METHODS: Forty-two patients from 11 centers were evaluated to assess both the safety and efficacy of propofol: 23 patients in the propofol group (mean time of propofol usage 95+/-87 hours) and 19 patients in the morphine group (mean time of morphine usage 70+/-54 hours). There was a higher incidence of poor prognostic indicators in the propofol group than in the morphine group: patient age older than 55 years (30.4% compared with 10.5%, p < 0.05), initial Glasgow Coma Scale scores of 3 to 5 (39.1% compared with 15.8%, p < 0.05), compressed or absent cisterns on initial computerized tomography scanning (78.3% compared with 57.9%, p < 0.05), early hypotension and/or hypoxia (26.1% compared with 10.5%, p = 0.07). During treatment there was a trend toward greater use of vasopressors in the propofol group. However, the mean daily ICP and cerebral perfusion pressure were generally similar between groups and, on therapy Day 3, ICP was lower in the propofol group compared with the morphine group (p < 0.05). Additionally, there was less use of neuromuscular blocking agents, benzodiazepines, pentobarbital, and cerebrospinal fluid drainage in the propofol group (p < 0.05). At 6 months postinjury, a favorable outcome (good recovery or moderate disability) was observed in 52.1% of patients receiving propofol and in 47.4% receiving morphine; the mortality rates were 17.4% and 21.1%, respectively. Patients who received the highest doses of propofol for the longest duration tended to have the best outcomes. There were no significant differences between groups in terms of adverse events.
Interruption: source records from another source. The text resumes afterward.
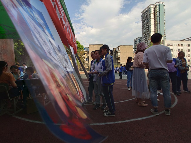 2019年4月8日下午16:30,乐芽织心志愿者们来到草堂高中,开展心理志愿服务活动。这时,正是高一的同学们阳光体育课的时间,参加完体育活动后,同学们纷纷前来参与。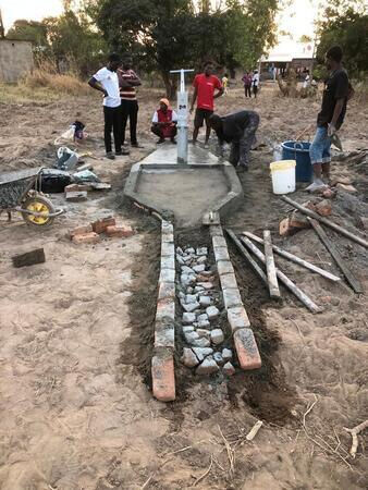 Zum Schluss kommen die „civil works“: Die Plattform für die Handpumpe und der rückstaufreie Ablauf für das überfließende Wasser werden unter der Anleitung unseres Wasser-Managers errichtet: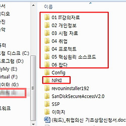 실제로 우리는 보통 USB 메모리 카드에 다양한 개인정보를 지니고 다닙니다.USB에 02 개인정보 폴더에 들어가면 통장사본, 주민등록등본 사본, 성적표 등 다양한 개인정보를 가지고 있습니다. 여기서 추가 TIP입니다.자료를 정리 보관하실 때 위에 보이는 사진처럼 폴더를 Index로 번호를 매겨 정리하시면 보기도 좋고 자료 찾기도 좋습니다. 지속해서 정리하는 습관을 들이시면 중복 파일의 수도 줄일 수 있습니다. 빨간 사각형들을 보이십니까? (드라이브에 제 이름이 있어서 모자이크했는데 bitlocker 아이콘까지 모자이크해버렸습니다. TT) NPKI 폴더는 조만간 사라질 공인인증서가 담겨있는 폴더입니다. 공인인증서가 암호화가 되어 있더라도 해커의 손에 넘어가면 큰일이 일어날 수 있습니다. USB는 크기도 작..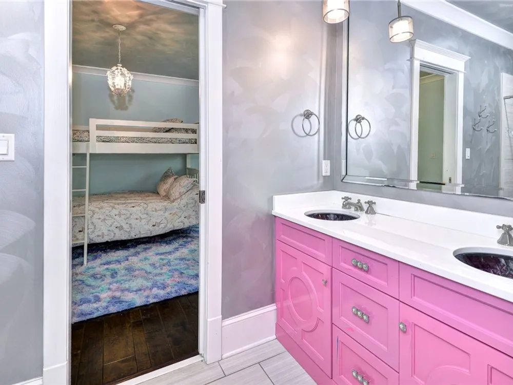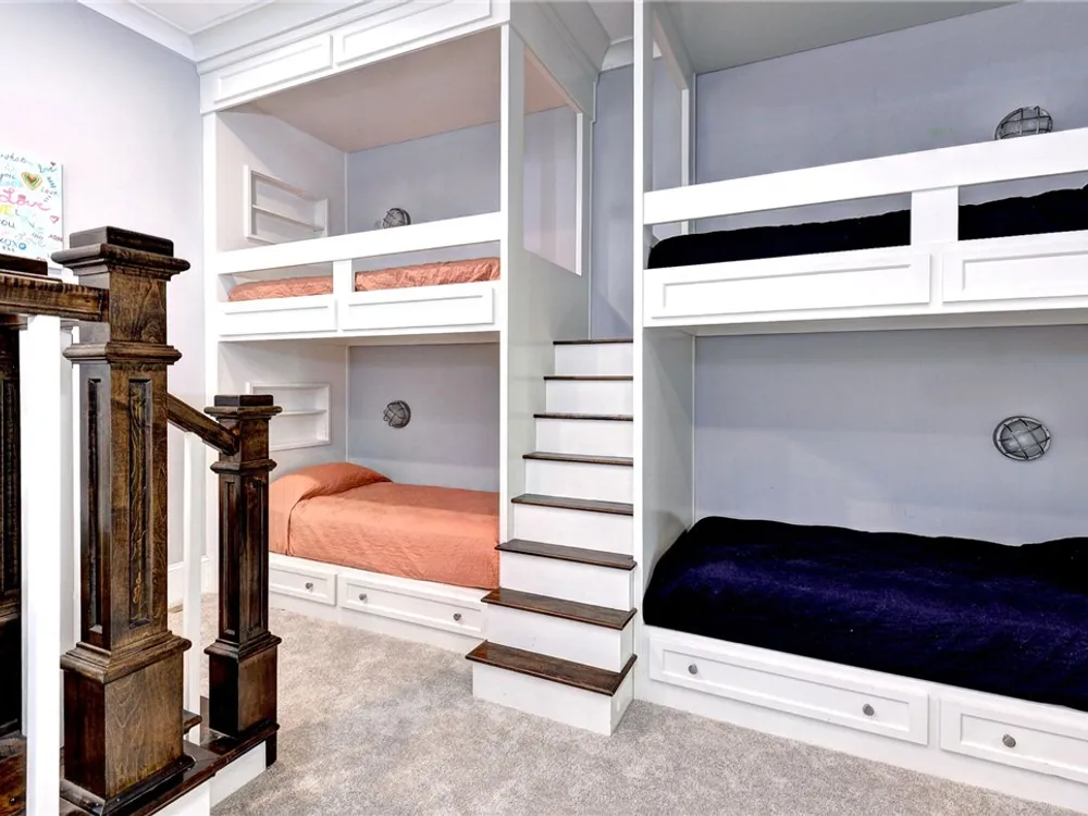 Exceptional design and craftsmanship meet prime location in this stunning property! A grand two-story foyer welcomes guests, showcasing exquisite millwork and an effortless open layout. Throughout the home, you’ll find 8-foot interior doors, intricate millwork, and beautiful hardwood floors. The 1st floor office, complete with a see-through fireplace shared with the dining room, creates an inviting atmosphere. Additionally, a 2nd wood-burning fireplace adds charm to the picturesque three-season room. The kitchen is a true masterpiece, featuring top-of-the-line luxury appliances, eye-catching custom-painted cabinets, honed marble countertops, and a cozy casual dining area. The impressive 1st floor primary suite is designed for comfort, complemented by three additional en-suite bedrooms on the second floor. Additional highlights include a spacious bonus room/ bedroom #5 with four built-in bunk beds, a 3rd level hobby/exercise room, and an expansive unfinished lower level, with rough in plumbing for a bath. Conveniently located near the golf course, beach, and the marina, this home offers an unmatched lifestyle experience.

CONCLUSIONS: Despite a higher incidence of poor prognostic indicators in the propofol group, ICP therapy was less intensive, ICP was lower on therapy Day 3, and long-term outcome was similar to that of the morphine group. These results suggest that a propofol-based sedation and an ICP control regimen is a safe, acceptable, and, possibly, desirable alternative to an opiate-based sedation regimen in intubated head-injured patients.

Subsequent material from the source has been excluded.